→ **Exercise brief**
Look through the listing below for the line with "Berikut adalah kode" and the line with "Guanti mezze dita". Copy both, along with every line between them, exactly and with no pictures.

→ **Records to use**
+++

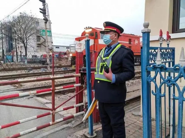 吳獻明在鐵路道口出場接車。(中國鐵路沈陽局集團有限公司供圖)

+++

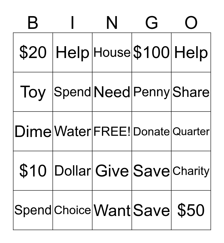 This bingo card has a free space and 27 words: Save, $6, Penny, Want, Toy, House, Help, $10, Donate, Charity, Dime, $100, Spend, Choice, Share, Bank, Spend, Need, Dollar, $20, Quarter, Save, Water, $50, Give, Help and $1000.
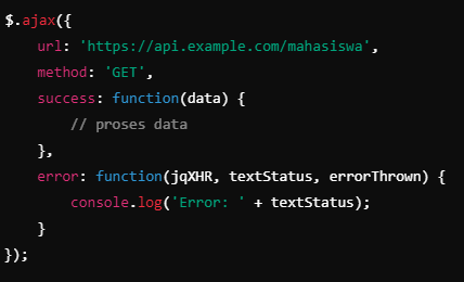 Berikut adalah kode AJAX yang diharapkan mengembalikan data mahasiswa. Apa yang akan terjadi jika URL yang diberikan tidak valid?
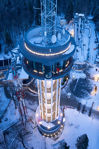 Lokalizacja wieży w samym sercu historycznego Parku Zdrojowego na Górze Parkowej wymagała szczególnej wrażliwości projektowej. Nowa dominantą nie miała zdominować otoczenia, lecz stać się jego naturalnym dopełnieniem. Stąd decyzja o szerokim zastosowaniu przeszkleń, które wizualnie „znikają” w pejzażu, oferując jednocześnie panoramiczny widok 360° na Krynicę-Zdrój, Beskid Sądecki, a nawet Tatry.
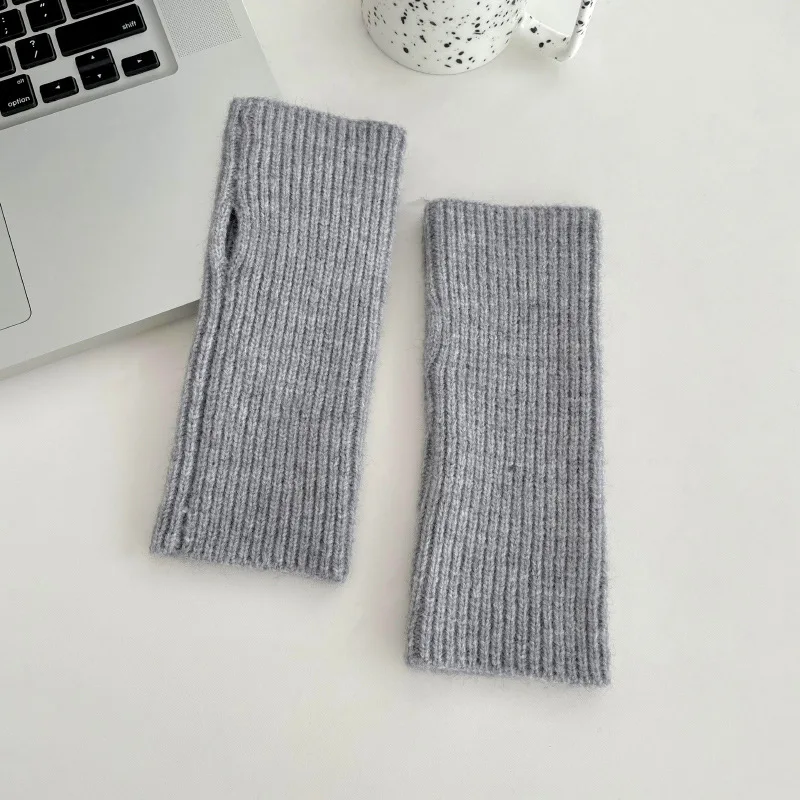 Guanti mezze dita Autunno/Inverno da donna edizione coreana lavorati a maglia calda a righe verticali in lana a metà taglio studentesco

+++

→ **Response**
 Berikut adalah kode AJAX yang diharapkan mengembalikan data mahasiswa. Apa yang akan terjadi jika URL yang diberikan tidak valid?
 Lokalizacja wieży w samym sercu historycznego Parku Zdrojowego na Górze Parkowej wymagała szczególnej wrażliwości projektowej. Nowa dominantą nie miała zdominować otoczenia, lecz stać się jego naturalnym dopełnieniem. Stąd decyzja o szerokim zastosowaniu przeszkleń, które wizualnie „znikają” w pejzażu, oferując jednocześnie panoramiczny widok 360° na Krynicę-Zdrój, Beskid Sądecki, a nawet Tatry.
 Guanti mezze dita Autunno/Inverno da donna edizione coreana lavorati a maglia calda a righe verticali in lana a metà taglio studentesco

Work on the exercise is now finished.